*** Begin section ***

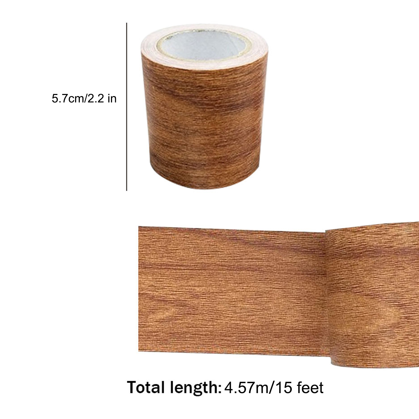 1. Size: 1 roll, length 15 feet (4.6m), width 2.2 inches (5.7cm), thickness 0.01 inches (0.26 mm).2. 7 colors: Brown antique oak texture, golden camel oak texture, light wine red peach wood texture, chocolate oak texture, dark chestnut peach wood texture, dark brown dark oak texture, stylish light gray wood grain.3. Material: Made of PE and gauze composite material, environmental protection, safety, waterproof, durable, strong peeling force, tensile strength, grease resistance, aging resistance, temperature resistance.4. DIY: Real and beautiful appearance, can be pasted in the gap or stain, not easy to find. You can easily DIY your own shapes with scissors. 5. Multifunctional: The length and shape can be tailored by yourself. Perfect for doors of any size, kitchen cabinets, dressing table drawers, crafts, bedside tables, bookshelves, crafts DIY, and even walls of various sizes. Can be used to refurbish old furniture or wall.Specification:Material: gauze+PESize: about 5.7cm*4.57m (2.2 inches * 15 feet)Color: brown antique oak grain, golden camel oak grain, light wine red peach grain, chocolate oak grain, dark chestnut peach grain, dark brown dark oak grain, stylish light gray wood grainPacking List:1 Roll of Wood Grain Repair Tape Note: 1. Due to manual measurement, please allow slight tolerance in size. 2. Due to light and display difference, there may be slight color difference.
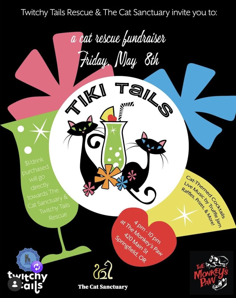 Join us from 4 to 10 pm at The Monkey’s Paw Tiki Bar, 420 Main St., Springfield, OR, for live music from Truffle Jam, awesome raffle prizes (you do not have to be present for the drawing), and to give back ($1 from each drink helps our rescue cats and kittens).
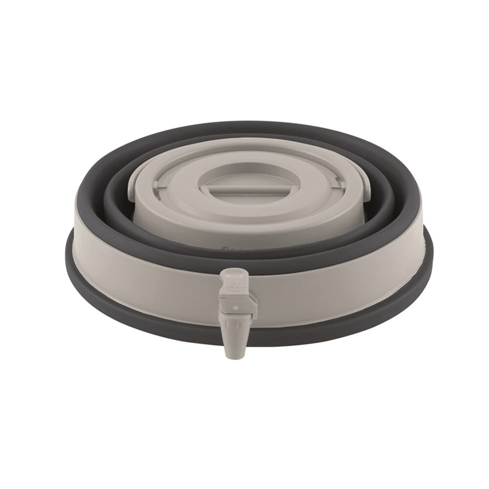 Smart sammenklappelig vandtank med håndtag og hane. Konstruktion af TPE og plast, der er nem at rengøre og samtidig giver stabilitet, så beholderen ikke foldes ufrivilligt sammen. At den er sammenklappelig giver en meget lille pakkestørrelse.
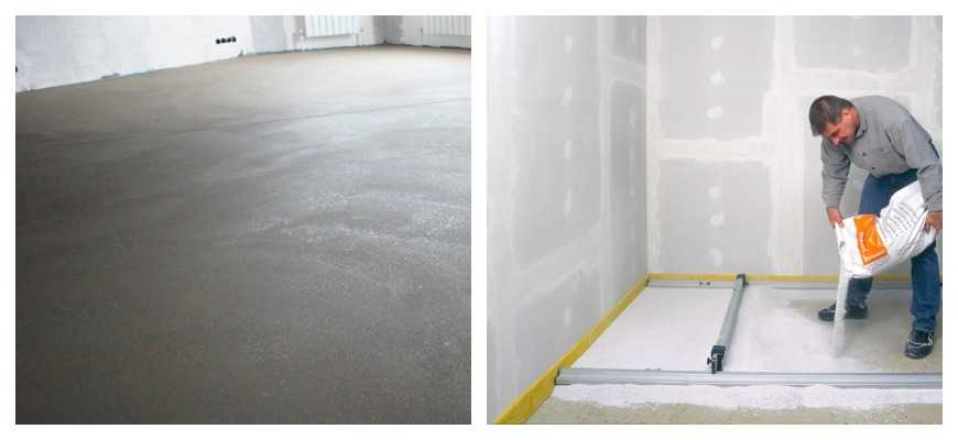 По составу материала бывают цементно-песчаные и гипсовые стяжки.
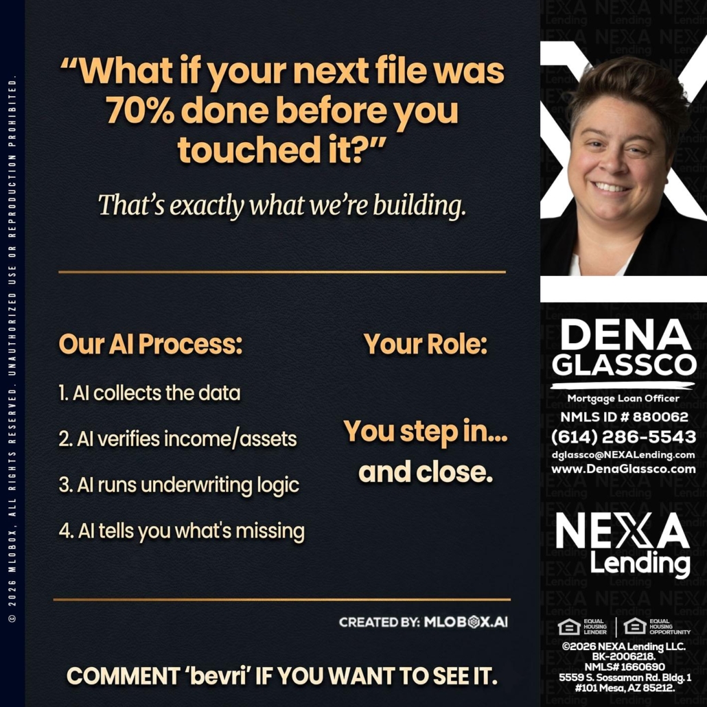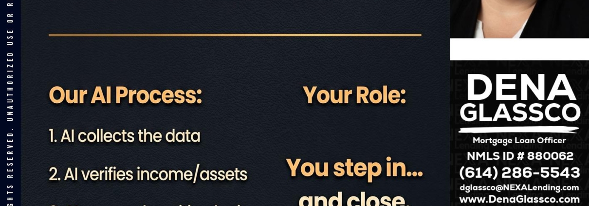Hi, my name is Dena Glassco. I’m a Loan Officer with NEXA Lending LLC., offering personalized mortgage solutions, fast customized quotes, great rates and service with integrity.
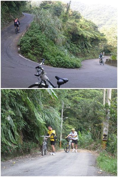 。連大黑都忍不住在研究這路況是怎麼回事啊?原本不打算牽車的我也沒辦法,一旦停下來,就只能牽到稍微平緩的地方才能再騎,而林大哥也覺得車頭一直有浮起來的感覺...。
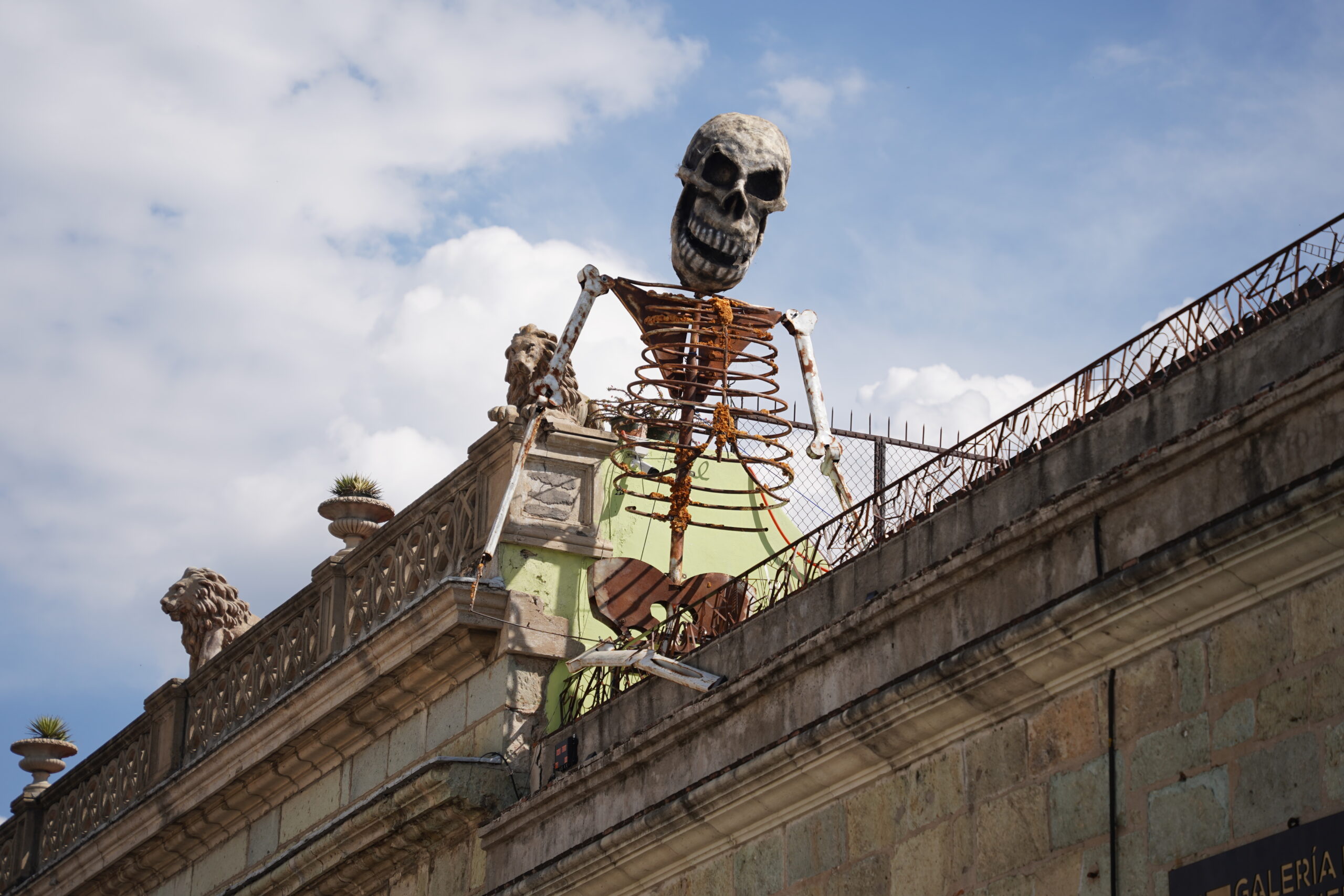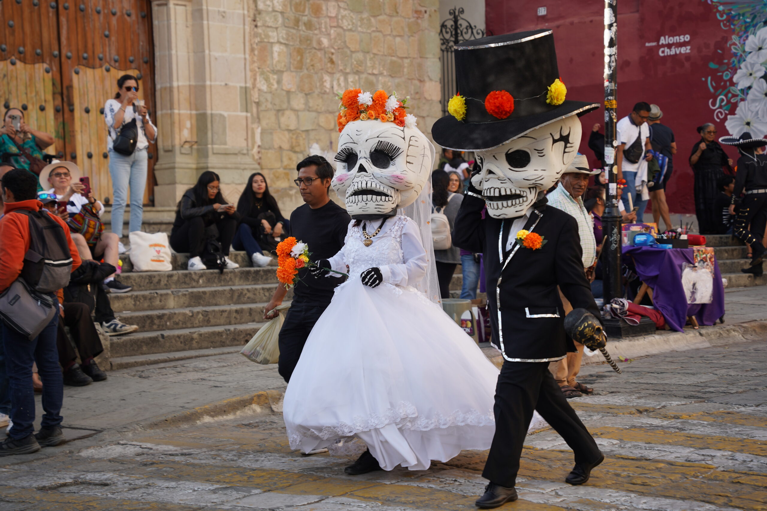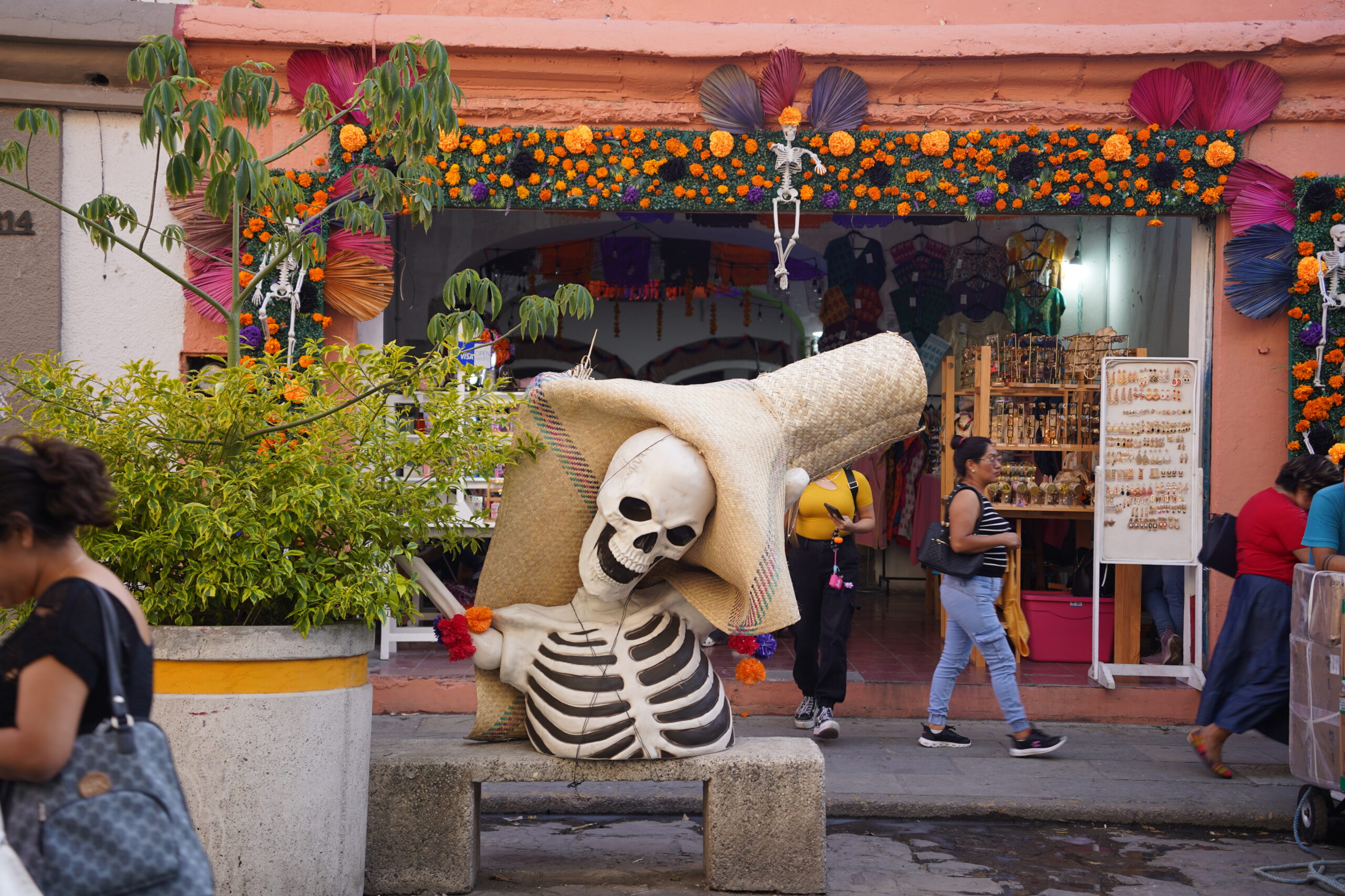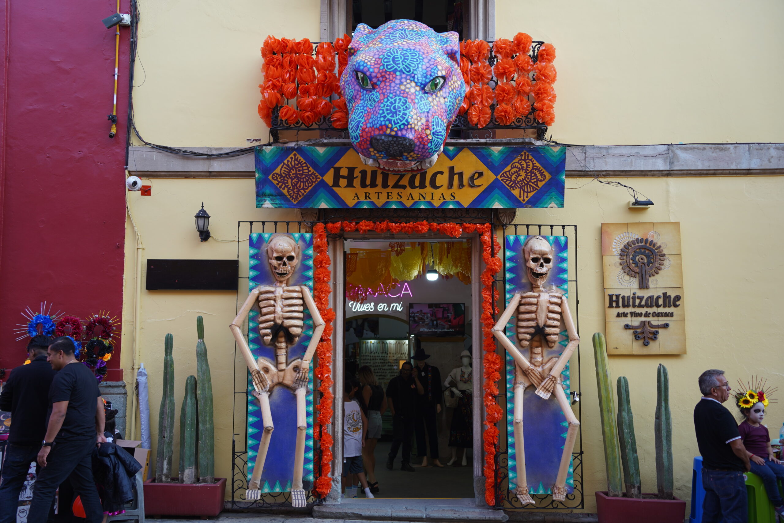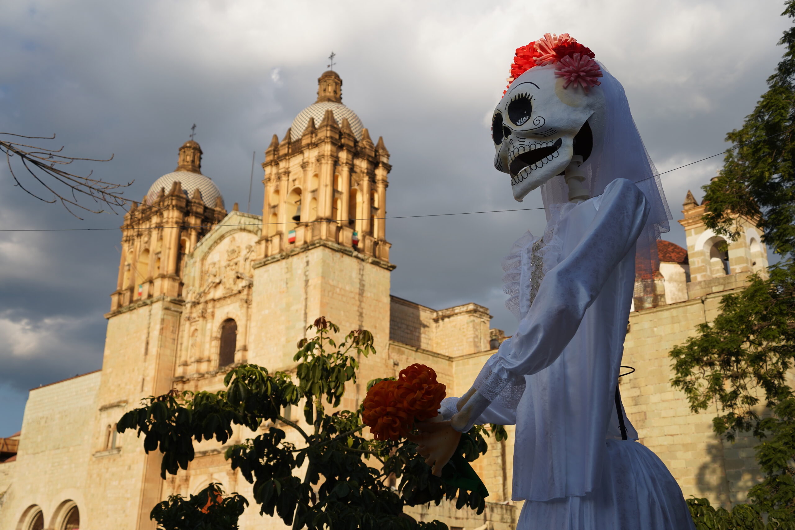 パレードのある10月31日以前からもオアハカでは「死者の日」の準備が着実に進められていた。最も印象的なのは骸骨やドクロで、大小問わず様々なスタイルのドクロの絵や像や旗がオアハカの街中に溢れていた。

*** End section ***

Copy the listing exactly. No images belong in the copy.

OUTPUT FOR THIS TASK:
 1. Size: 1 roll, length 15 feet (4.6m), width 2.2 inches (5.7cm), thickness 0.01 inches (0.26 mm).2. 7 colors: Brown antique oak texture, golden camel oak texture, light wine red peach wood texture, chocolate oak texture, dark chestnut peach wood texture, dark brown dark oak texture, stylish light gray wood grain.3. Material: Made of PE and gauze composite material, environmental protection, safety, waterproof, durable, strong peeling force, tensile strength, grease resistance, aging resistance, temperature resistance.4. DIY: Real and beautiful appearance, can be pasted in the gap or stain, not easy to find. You can easily DIY your own shapes with scissors. 5. Multifunctional: The length and shape can be tailored by yourself. Perfect for doors of any size, kitchen cabinets, dressing table drawers, crafts, bedside tables, bookshelves, crafts DIY, and even walls of various sizes. Can be used to refurbish old furniture or wall.Specification:Material: gauze+PESize: about 5.7cm*4.57m (2.2 inches * 15 feet)Color: brown antique oak grain, golden camel oak grain, light wine red peach grain, chocolate oak grain, dark chestnut peach grain, dark brown dark oak grain, stylish light gray wood grainPacking List:1 Roll of Wood Grain Repair Tape Note: 1. Due to manual measurement, please allow slight tolerance in size. 2. Due to light and display difference, there may be slight color difference.
 Join us from 4 to 10 pm at The Monkey’s Paw Tiki Bar, 420 Main St., Springfield, OR, for live music from Truffle Jam, awesome raffle prizes (you do not have to be present for the drawing), and to give back ($1 from each drink helps our rescue cats and kittens).
 Smart sammenklappelig vandtank med håndtag og hane. Konstruktion af TPE og plast, der er nem at rengøre og samtidig giver stabilitet, så beholderen ikke foldes ufrivilligt sammen. At den er sammenklappelig giver en meget lille pakkestørrelse.
 По составу материала бывают цементно-песчаные и гипсовые стяжки.
Hi, my name is Dena Glassco. I’m a Loan Officer with NEXA Lending LLC., offering personalized mortgage solutions, fast customized quotes, great rates and service with integrity.
 。連大黑都忍不住在研究這路況是怎麼回事啊?原本不打算牽車的我也沒辦法,一旦停下來,就只能牽到稍微平緩的地方才能再騎,而林大哥也覺得車頭一直有浮起來的感覺...。
 パレードのある10月31日以前からもオアハカでは「死者の日」の準備が着実に進められていた。最も印象的なのは骸骨やドクロで、大小問わず様々なスタイルのドクロの絵や像や旗がオアハカの街中に溢れていた。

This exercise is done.